The Medicare Payment Advisory Commission (MedPAC) is setting its sights on raising payments for primary care providers by reducing Medicare reimbursement for specialty physicians -- including radiologists.
"Primary care services are underpriced in the fee schedule," said presenters Ariel Winter and Kevin Hayes at a meeting on January 13. "Primary care is labor-intensive, which limits potential for efficiency gains and volume growth, [while some] specialties can increase the volume of services more easily."
Winter and Hayes noted discrepancies between primary care and specialty physician reimbursement, emphasizing that there are wide income differences between primary care and radiology/nonsurgical procedural specialties.
Income disparities among medical specialties in 2015 | |
Specialty | Average annual compensation |
Primary care | $264,000 |
Nonsurgical, nonprocedural (i.e., neurology) | $327,000 |
Surgical | $508,000 |
Nonsurgical, procedural (i.e., dermatology) | $545,000 |
Radiology | $560,000 |
MedPAC proposed three options for mitigating these differences (all of which are based on about 126 Medicare beneficiaries per primary care provider to calculate additional payments):
- Option 1: Implement a 1.3% reduction in payments for nonprimary care services, including procedures, imaging, tests, and evaluation and management services provided in emergency departments and inpatient hospitals. This cut would result in an additional per-beneficiary payment estimated to total approximately $3,600 per primary care clinician per year -- and radiologists would be among the group of specialty physicians subject to it, the American College of Radiology (ACR) said in an analysis.
- Option 2: Increase per-beneficiary payments to $1.2 million, taking $700 million from option 1 and $500 million from the U.S. Centers for Medicare and Medicaid Services (CMS) Merit-Based Incentive Payment System (MIPS). This would result in an increase to primary care clinicians of approximately $6,000 per year.

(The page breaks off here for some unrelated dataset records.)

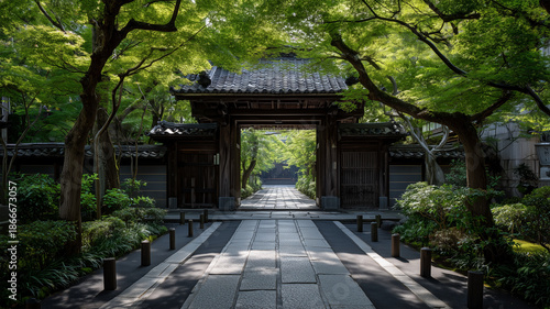 山門越しに新緑の参道が伸びる静かな寺社の風景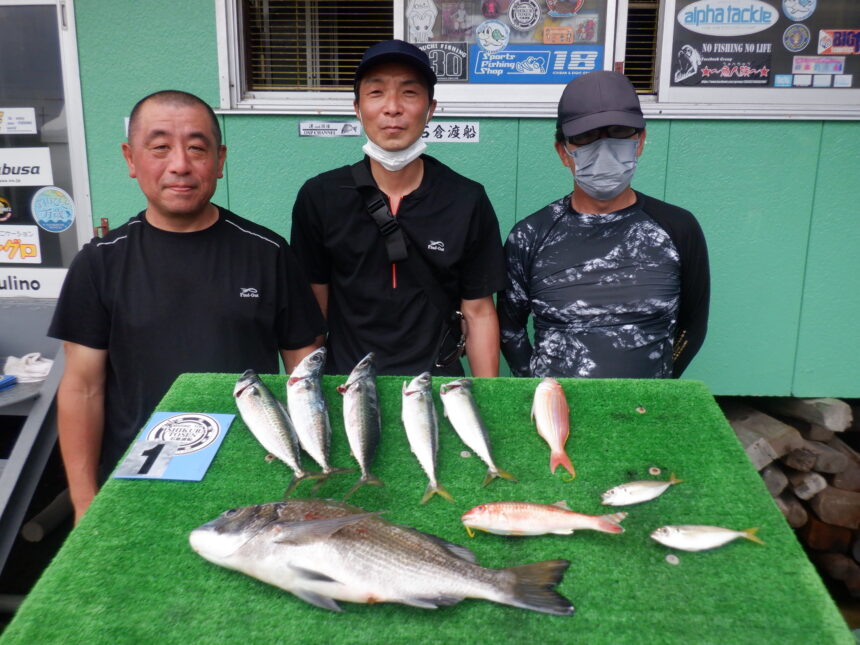 船外機ボートで佐藤さんがチヌ43cm、サバ、アジをゲット。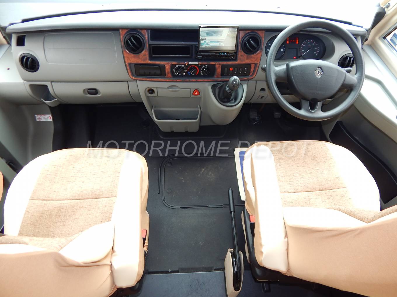 The cab has air-conditioning, a Kenwood CD Tuner with built-in touch screen that also enables you to view the reversing camera, there are reversing sensors, 2 swivel seats, 6 speed manual gearbox, built-in privacy blinds, central locking and electric mirrors.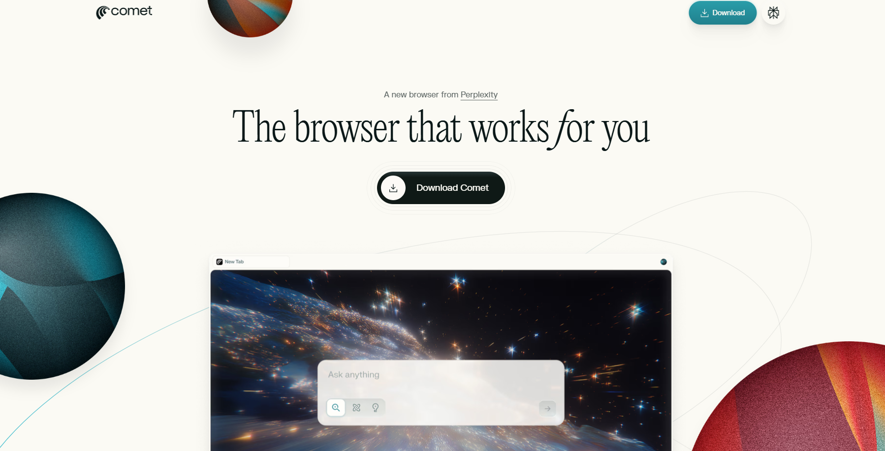 Comet 是由 Perplexity AI 所開發的一款 AI 原生瀏覽器。 (Perplexity AI)
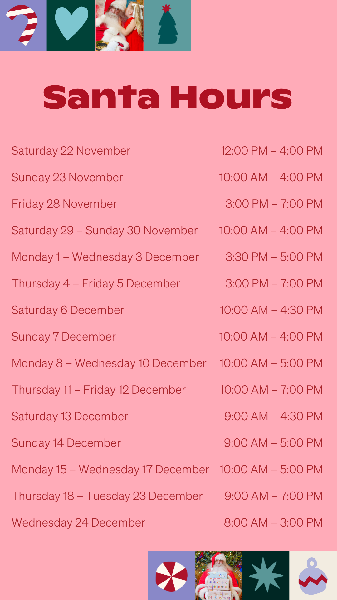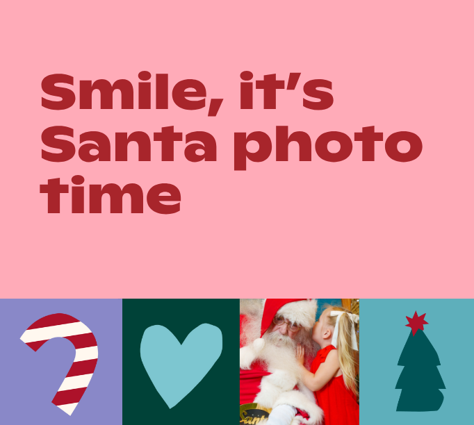 You can visit Santa between (times) or book online to secure your perfect session. Choose from a variety of photo packages to suit your family’s needs.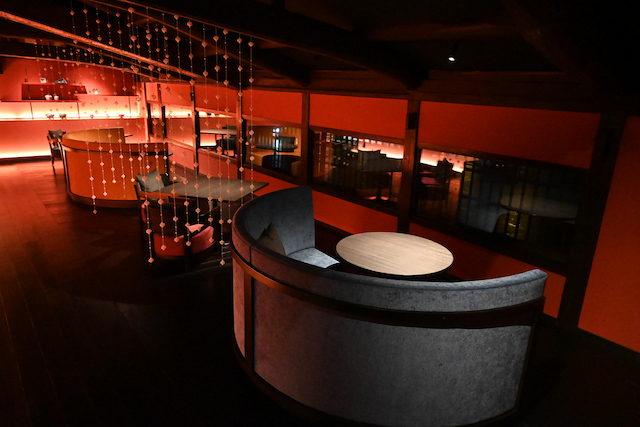 2024年3月、国の有形文化財に登録されている「界 加賀」の「伝統建築棟」にべんがらラウンジがオープンしました。山代温泉の街並みを一望できる特等席で、地酒片手に夕食後の静かなひとときを一晩4組限定(1人3,500円)で過ごせます。

- Option 3: Allow primary care providers in all two-sided accountable care organizations to receive a portion of payments for primary care visits as upfront payment, as well as a per-beneficiary payment from option 2. This could result in a total per-beneficiary payment increase per clinician of approximately $16,000.
MedPAC commissioners expressed concern that if the current physician payment imbalance isn't addressed, it may lead to a shortage of primary care physicians to treat Medicare patients, the ACR said. Yet most did not support the proposed options, instead favoring an overhaul of the Medicare Physician Fee Schedule, according to the ACR.